Loans totaled $1.106 billion as of December 31, 2017, an increase of $53.1 million, or 5.0% from December 31, 2016, and $11.5 million, or 1.0% from September 30, 2017. The total loan growth was less than originally anticipated for the year caused primarily by management taking direct action to diversify lending to reduce commercial real estate concentration levels coupled with a 63% increase in commercial loan payoffs.

In comparison to the December 31, 2016, deposit balance of $1.107 billion, deposits increased $52.6 million, or 4.7%. Noninterest bearing deposit balances rose to $126.0 million, or 10.9% of the total deposit base as of December 31, 2017, an increase of $10.3 million, or 8.9% since December 31, 2016, and $4.4 million since September 30, 2017.

Net interest income for the fourth quarter of 2017 was $11.7 million, an increase of $269 thousand, or 2.4% from September 30, 2017, and $858 thousand, or 7.9% from the fourth quarter ended December 31, 2016. Net interest margin for the fourth quarter of 2017 was 3.29%, a decrease of 8 basis points from September 30, 2017, and an increase of 6 basis points versus the quarter ended December 31, 2016. For the 12 months ended December 31, 2017, net interest margin increased 5 basis points to 3.27%. The full year increase in net interest margin was the result of a 12 basis point increase in earning assets due to higher yields.

Interest expense increased 5.8% during the fourth quarter of 2017 and 10.5% for the 12 months ended December 31, 2017, compared to the same time period in 2016, due to an 11 basis point increase in the cost of interest-bearing liabilities. Increased interest rates and an emphasis on loan yields helped to increase net interest income, despite increases in interest expense. Additionally, the flattened yield curve placed pressure on net interest margin earned from our mortgage operations as the cost of short-term borrowings to fund the mortgage business increased, while the yield from loans held for sale remained flat, consistent with the 30-year Treasury bond rates.

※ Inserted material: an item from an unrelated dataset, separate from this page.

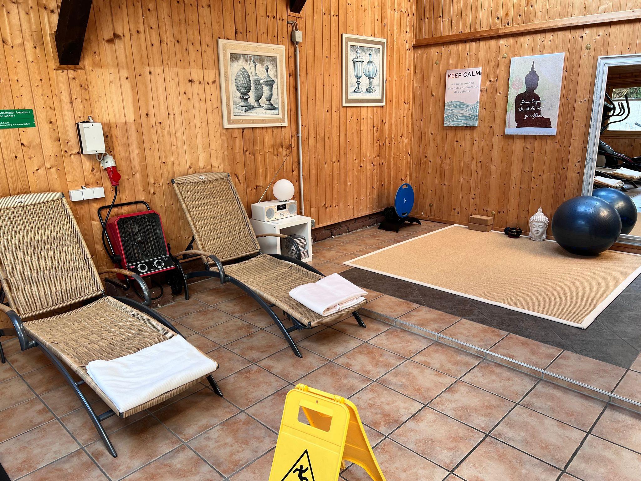 Zusätzlich kannst du unseren liebevoll gestalteten Spa- und Sportraum mit Sauna für Dich buchen ideal zum Entspannen nach einem erlebnisreichen Tag.

Provision for loan loss was $2.2 million for the full year ended December 31, 2017, a $1.5 million decrease from the same time period in 2016, despite a 5.0% increase in loans. The substantial decline of average historical loss rates and a $1.1 million decline in charge-offs contributed to the decrease in provision for 2017. Specific loan loss allocations increased by $645 thousand in 2017 compared to a $470 thousand decrease in 2016. Nonperforming loans increased $3.5 million, to 0.88% of total loans as of December 31, 2017. In addition, charge-offs for 2017 decreased $1.1 million compared to 2016, resulting in an annualized net loan charge-offs to total loans ratio of 0.13% as of December 31, 2017.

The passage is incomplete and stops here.